Berkeley is one of THOSE towns (where the neighbors are all activists)
I thought I would link to an article in today's SF Chronicle about the brou-ha-ha in Berkeley over a proposed construction project (one that, incidentally, involves my favorite market, Trader Joe's):
In a city famous for its love of specialty gourmet food, irate neighbors are fighting a new Trader Joe's slated for University Avenue and Martin Luther King Jr. Way, now home to a Kragen outlet.
Residents are concerned about traffic, parking, the building blending in with the neighborhood, and the large volume of low-cost alcohol for sale just a few blocks from the UC campus, Berkeley High School and a number of homeless service agencies.

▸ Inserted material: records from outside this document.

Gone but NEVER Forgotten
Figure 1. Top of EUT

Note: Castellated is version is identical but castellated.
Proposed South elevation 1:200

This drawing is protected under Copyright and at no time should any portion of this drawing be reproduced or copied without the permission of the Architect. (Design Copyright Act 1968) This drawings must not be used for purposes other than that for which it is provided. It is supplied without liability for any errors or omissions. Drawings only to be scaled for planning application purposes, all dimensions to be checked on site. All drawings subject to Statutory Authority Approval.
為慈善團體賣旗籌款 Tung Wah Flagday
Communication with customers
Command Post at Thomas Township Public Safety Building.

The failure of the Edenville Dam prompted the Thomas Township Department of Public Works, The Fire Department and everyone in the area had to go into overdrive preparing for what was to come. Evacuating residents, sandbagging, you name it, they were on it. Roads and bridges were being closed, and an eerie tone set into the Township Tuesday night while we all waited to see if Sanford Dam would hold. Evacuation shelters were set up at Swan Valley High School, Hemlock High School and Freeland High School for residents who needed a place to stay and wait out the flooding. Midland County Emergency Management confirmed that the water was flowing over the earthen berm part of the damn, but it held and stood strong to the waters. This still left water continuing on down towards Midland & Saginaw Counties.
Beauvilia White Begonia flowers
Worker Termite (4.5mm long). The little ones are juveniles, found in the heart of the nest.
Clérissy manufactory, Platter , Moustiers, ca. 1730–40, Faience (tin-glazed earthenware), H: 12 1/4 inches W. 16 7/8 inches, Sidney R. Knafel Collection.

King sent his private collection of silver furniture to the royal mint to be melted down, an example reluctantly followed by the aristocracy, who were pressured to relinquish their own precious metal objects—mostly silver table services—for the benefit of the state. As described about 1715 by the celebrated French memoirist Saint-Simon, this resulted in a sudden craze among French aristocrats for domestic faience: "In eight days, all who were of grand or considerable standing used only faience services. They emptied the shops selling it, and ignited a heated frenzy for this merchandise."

Based purely on aesthetic concerns, I am very much in favor of the new project. It is probably too big for the site though, and wish it could be scaled down smaller. The proposed building would replace a very tiny strip mall that has a large parking lot plopped down in the corner of the lot. The parking lot completely destroys the corner of that intersection.
But I also understand the neighbors' (ahem, my neighbors') concerns... I live just one block north of the top of the map there, and I would worry about my quiet victorian house with a small backyard having to sit next to a thriving retail center. I know there is a tendency to assume that cities want the extra tax revenue and therefore always favor business in these situations, but is this true?

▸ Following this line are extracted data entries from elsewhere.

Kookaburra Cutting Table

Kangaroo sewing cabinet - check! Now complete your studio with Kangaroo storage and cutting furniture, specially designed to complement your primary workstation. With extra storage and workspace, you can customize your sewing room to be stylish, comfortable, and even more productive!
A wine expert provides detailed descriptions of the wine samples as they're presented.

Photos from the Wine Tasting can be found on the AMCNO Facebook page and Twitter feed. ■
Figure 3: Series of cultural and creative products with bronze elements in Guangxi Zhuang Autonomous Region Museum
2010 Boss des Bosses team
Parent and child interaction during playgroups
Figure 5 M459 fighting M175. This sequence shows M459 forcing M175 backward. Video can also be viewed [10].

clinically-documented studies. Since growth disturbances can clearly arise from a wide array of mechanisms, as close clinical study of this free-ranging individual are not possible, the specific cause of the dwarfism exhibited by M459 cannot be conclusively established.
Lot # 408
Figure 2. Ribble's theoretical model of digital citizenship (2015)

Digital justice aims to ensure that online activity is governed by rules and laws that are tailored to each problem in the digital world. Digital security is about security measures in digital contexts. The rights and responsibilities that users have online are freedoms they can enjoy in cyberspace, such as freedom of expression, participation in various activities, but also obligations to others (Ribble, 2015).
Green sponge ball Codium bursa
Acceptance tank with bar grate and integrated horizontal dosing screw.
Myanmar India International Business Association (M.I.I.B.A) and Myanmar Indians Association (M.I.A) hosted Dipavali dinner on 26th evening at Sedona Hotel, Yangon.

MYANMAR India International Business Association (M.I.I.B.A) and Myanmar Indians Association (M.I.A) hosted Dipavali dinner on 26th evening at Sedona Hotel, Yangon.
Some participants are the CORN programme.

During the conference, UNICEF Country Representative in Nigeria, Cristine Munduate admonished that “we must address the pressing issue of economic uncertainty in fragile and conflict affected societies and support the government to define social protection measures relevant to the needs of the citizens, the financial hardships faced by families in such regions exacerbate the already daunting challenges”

How do cities typically confront these issues in a fair, legitimate way?
UPDATE: For the record, my house is really where the "d" is in "Trader Joe's" on the map. Not that it really matters.

Comments
["Trader Joe's is a nonunion store owned by a secretive German family that sells specialty food and low-cost alcohol," said Steve Wollmer, who lives 250 feet from the site.]
Hehe. So, really, it's a Deutsche-phobia that's driving the contention on this project? Well, maybe if the developers had hired an architect who could produce renderings that didn't look like a 6th grader scribbled them... someone who could design something soaked with adjectives like modern, pre-fabricated and sustainable (read "green") then they might get away with their banal and steroidish project. AND turn a profit!
Response:
I totally agree. It ought to be expected by the owners/architects that Berkeley is a progressive town—a town that wants its buildings to be progressive as well, which today means buildings with sustainable construction and operation.
In addition, if Berkeley's Zoning Adjustment Board ('ZAB') wanted to encourage development in the city, it would become more of a resource for potential developers wishing to develop in the city. In my ideal world, the ZAB would be at developers' disposal; it should be explicit in setting the limits of what the town will accept before architects even conceptualize the project.
If a town wants a limit its building sizes, its ZAB really needs to enforce them. At the same time, a ZAB ought not become a hinderance to developing abandoned sites.
As it stands, Berkeley's ZAB is some superposition of the two; it neither gives absolute limits for developers nor encourages development... in fact it manages to do neither. Perhaps the election in four days will change things.